▶ [Dataset records]
=======

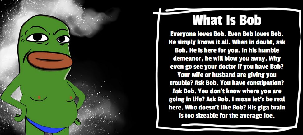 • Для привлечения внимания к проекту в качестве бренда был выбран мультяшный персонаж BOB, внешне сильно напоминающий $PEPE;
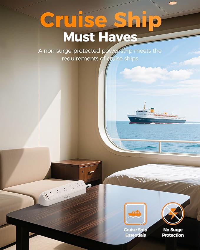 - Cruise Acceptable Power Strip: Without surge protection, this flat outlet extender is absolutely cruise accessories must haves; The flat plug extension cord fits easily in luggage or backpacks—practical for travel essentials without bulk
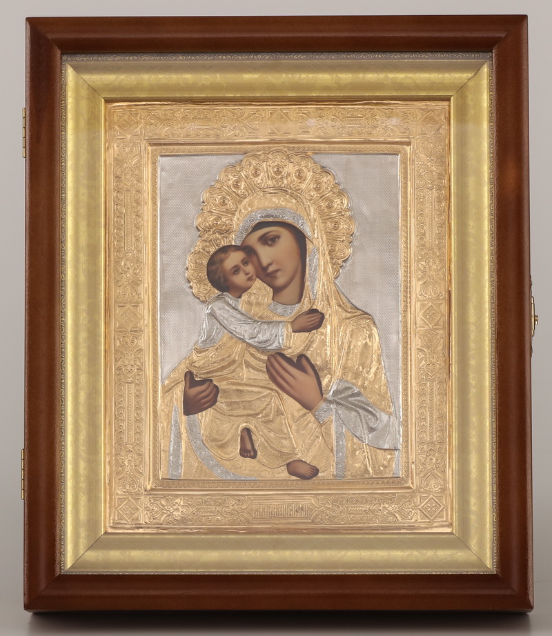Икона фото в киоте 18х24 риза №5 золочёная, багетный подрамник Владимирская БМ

=======

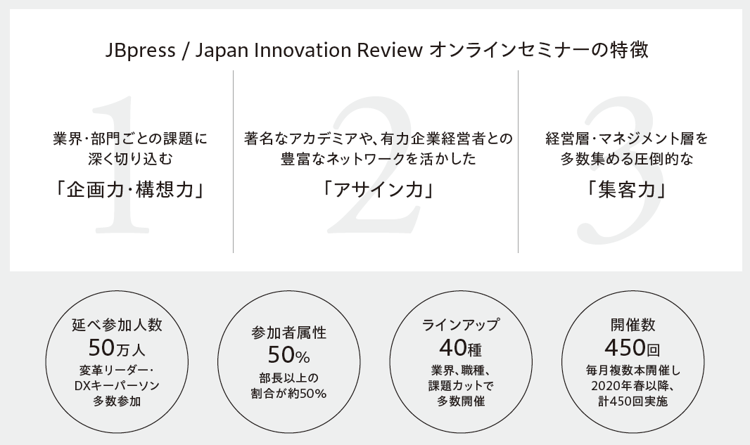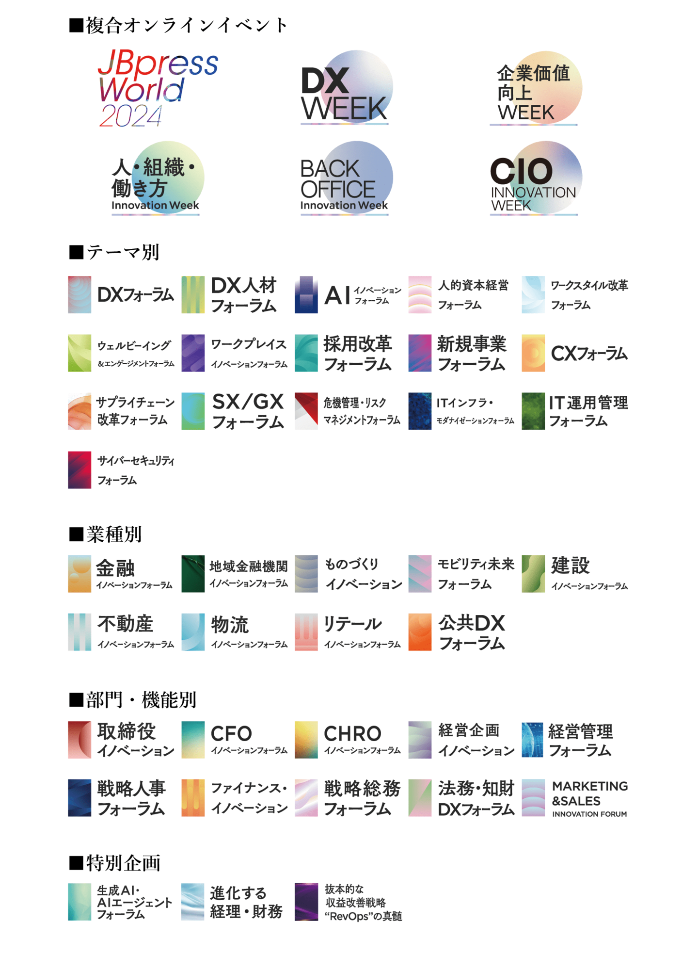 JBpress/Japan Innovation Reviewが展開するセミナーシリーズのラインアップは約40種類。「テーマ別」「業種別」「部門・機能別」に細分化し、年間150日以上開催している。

=======

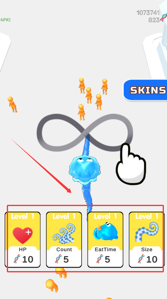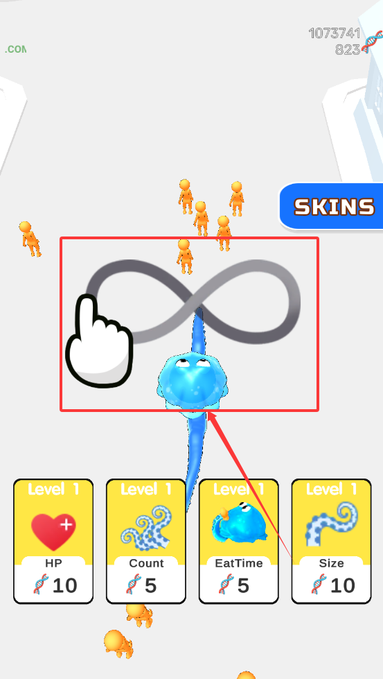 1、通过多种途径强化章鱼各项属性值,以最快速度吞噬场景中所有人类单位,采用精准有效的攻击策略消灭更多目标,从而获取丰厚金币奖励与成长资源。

=======

▶ [Exercise requirements] Starting at the line above that holds "сильно напоминающий $PEPE;", repeat every line exactly down to and including the line that holds "Икона фото в", then stop. Do not carry over any pictures.

▶ [Solved problem]
 • Для привлечения внимания к проекту в качестве бренда был выбран мультяшный персонаж BOB, внешне сильно напоминающий $PEPE;
 - Cruise Acceptable Power Strip: Without surge protection, this flat outlet extender is absolutely cruise accessories must haves; The flat plug extension cord fits easily in luggage or backpacks—practical for travel essentials without bulk
Икона фото в киоте 18х24 риза №5 золочёная, багетный подрамник Владимирская БМ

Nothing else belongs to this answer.